In this paper, we focus on architecture support for efficient detection of memory bugs in production runs. We carefully designed the hardware support so that it is not specific to the type of bugs to be detected or the type of checkers used for detection. We have avoided bug- or checker-specific hardware extensions because different users, applications, programming languages, and environments may require different checks.

The bug checks in our design are performed in software by a helper thread. Our memory bug checker, HeapMon, monitors application heap space to detect heap memory bugs. This approach takes advantage of chip multiprocessing (CMP) and multithreading and allows checks to overlap with regular program execution in the application thread. In HeapMon, the status of each word on the heap is monitored by associating with it a state that indicates whether the word is unallocated (U), allocated but uninitialized (AU), or allocated and initialized (AI).

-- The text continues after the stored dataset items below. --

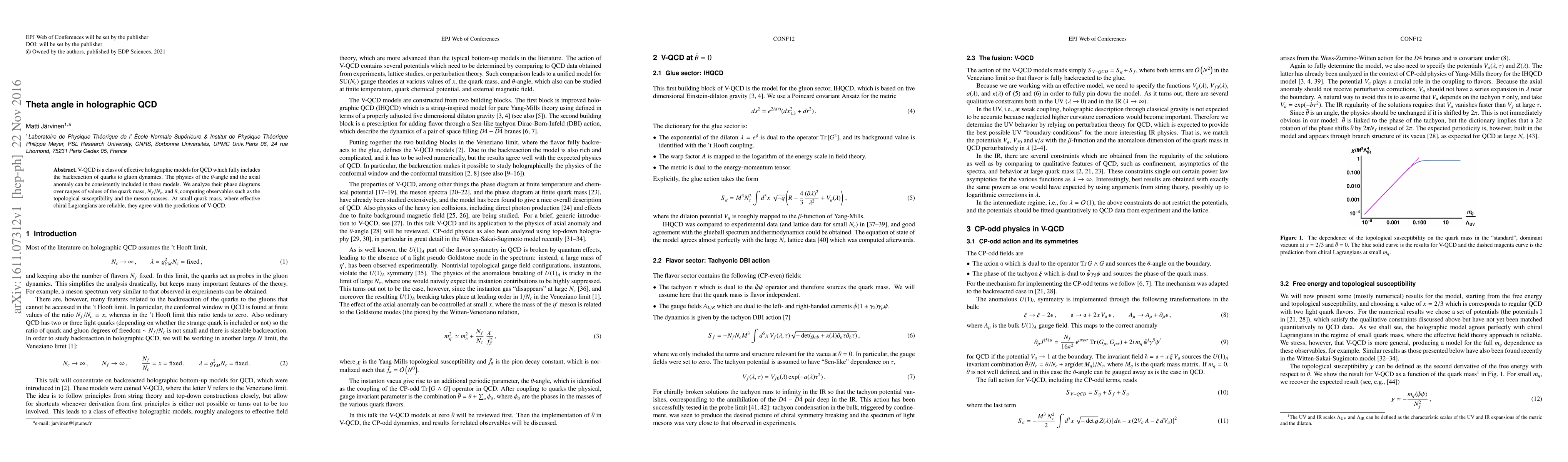 This paper explores effective holographic models for Quantum Chromodynamics (QCD) that incorporate quark backreaction and the theta-angle physics, analyzing their phase diagrams and computing observables like topological susceptibility and meson masses. Results align with predictions from effective chiral Lagrangians at small quark masses.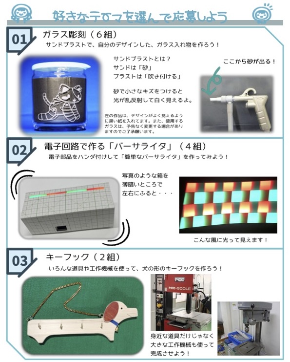 - ◯内容:ガラス彫刻(6組)、電子回路で作る「バーサライタ」(4組)、キーフック(2組)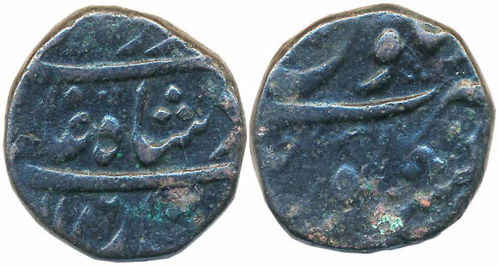 Taimur Shah, Copper Fulus, 12.94g, AH XXX6, Peshawar Mint. Very fine.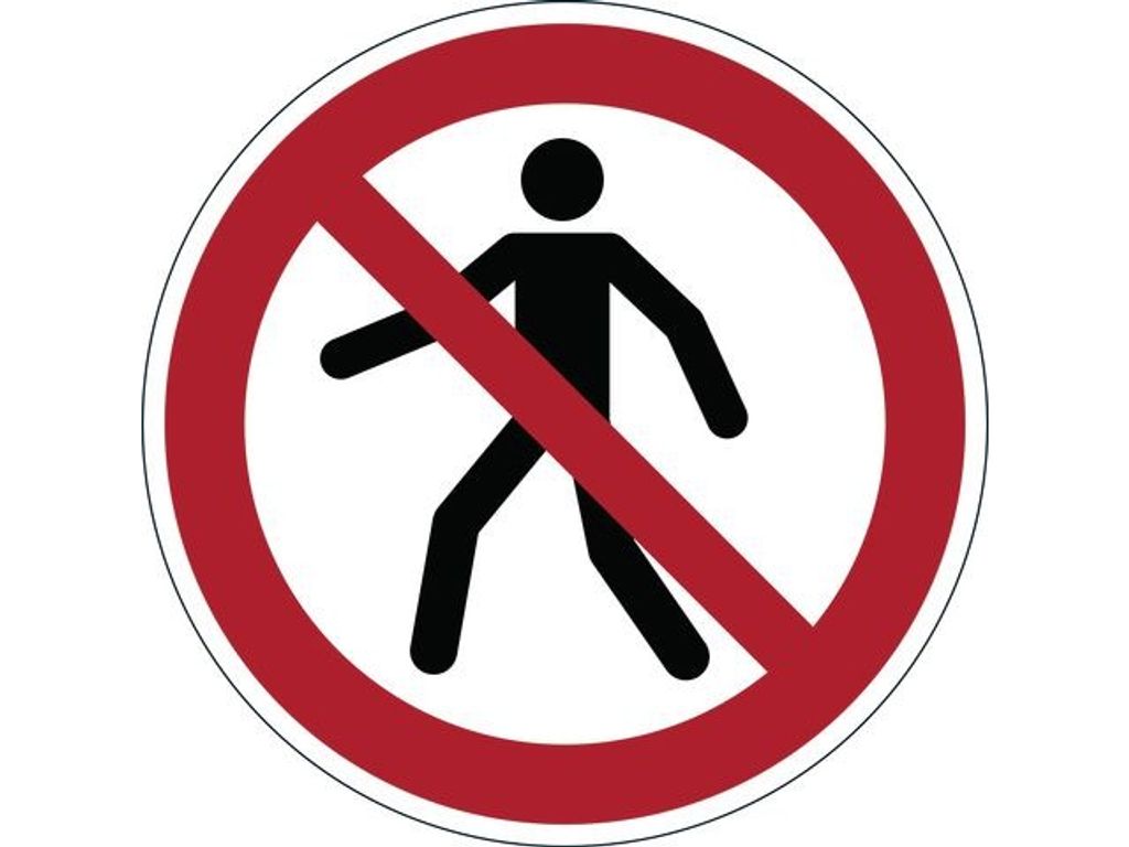 Beskrivning av Varseldekal 'Förbjudet för gående'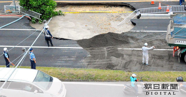 現場近くのマンションに住む50代女性は午後4時半ごろ、買い物に行こうと家を出たところで陥没に気がついた。音などは聞こえなかったという。「10年くらい住んでいるけど、こんなことはなかったのでびっくりした。『もし穴に落ちたら』と思うと怖い」と話した。(林知聡、林瞬、黒田陸離)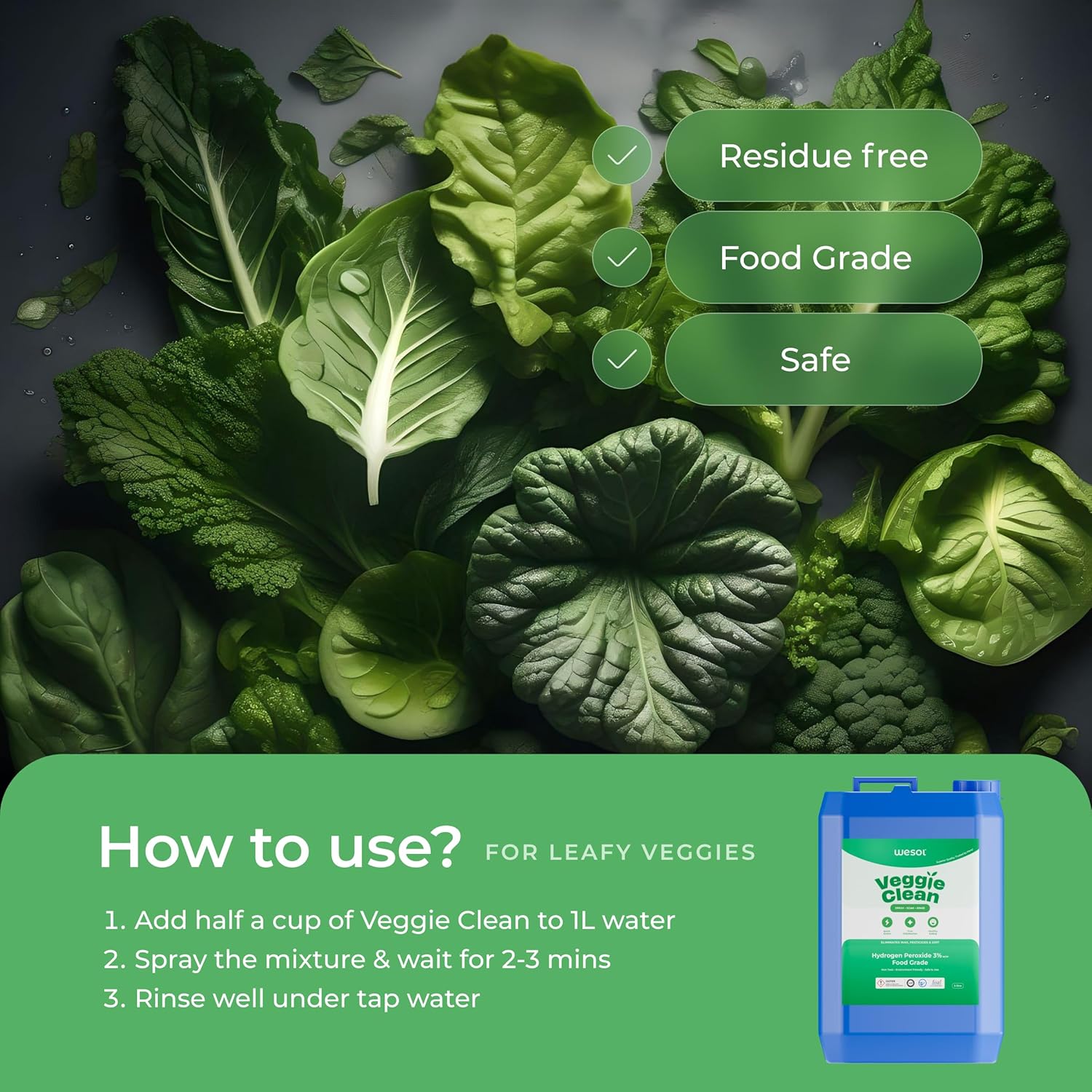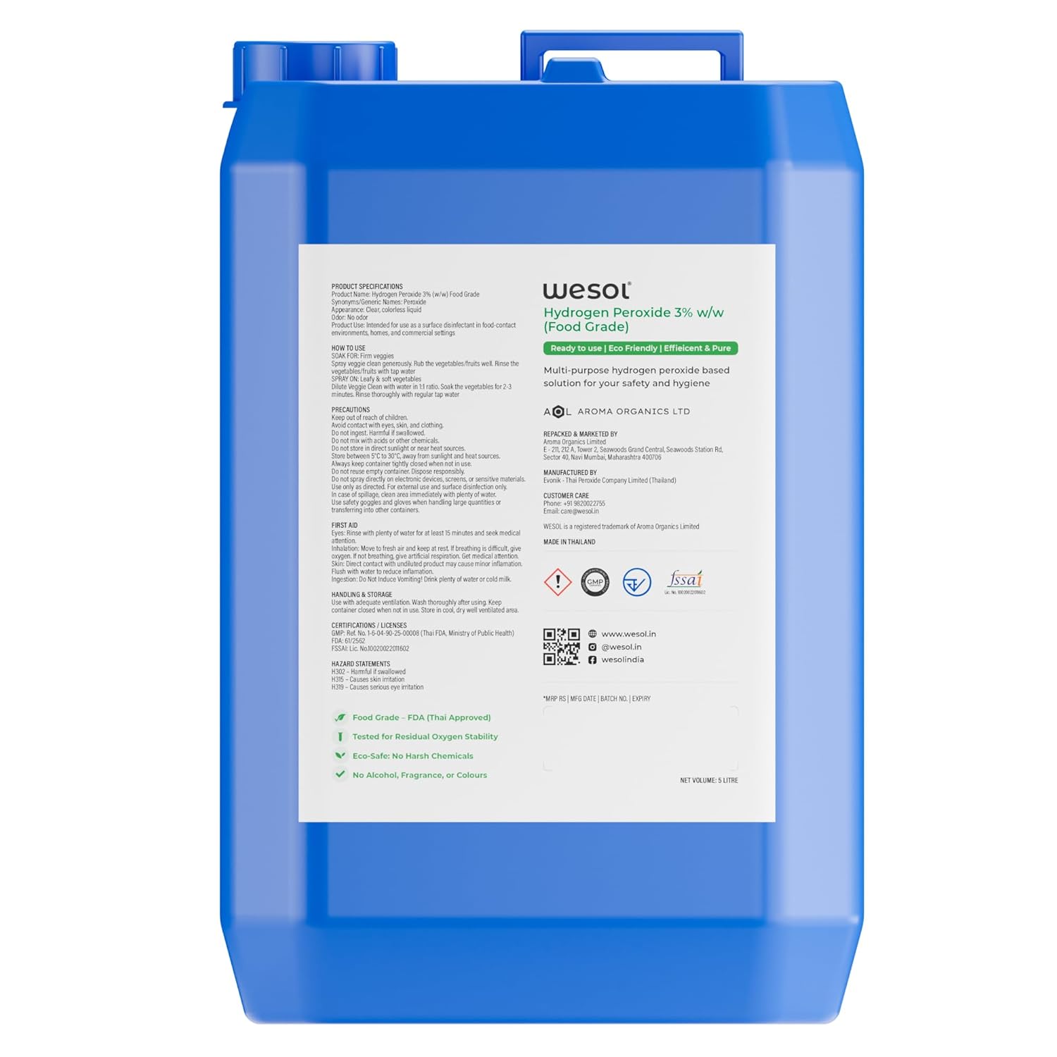Wesol Vegetable Wash Liquid Hydrogen Peroxide 3% w/w Food Grade 5L Multi-Use Disinfectant | Kills 99.9% Germs & Viruses | Best For Cleaning, General Disinfection, Food production units

Each state defines the accesses to that word that are legal and those that are illegal (bugs). When a bug is detected, its type, program counter, and data address are logged so that developers can determine the nature of the bug and its precise location.

To facilitate this approach, we use three hardware mechanisms that focus on efficient and effective communication between threads. The first is a communication queue for forwarding events from an application thread to its helper thread, together with instruction set architecture (ISA) extensions to insert and extract events from this queue. This avoids long-latency communication of events through shared memory. The second mechanism automatically forwards memory access events to the helper thread. This avoids the need to instrument load/store instructions, which must be checked in most monitoring and bug-detection schemes. The third mechanism filters out redundant or unnecessary memory access events using a set of bits in the application processor cache. Because the definition of redundant or unnecessary depends on the kind of checking being done by the helper thread, the helper-thread code has full control over these filter bits.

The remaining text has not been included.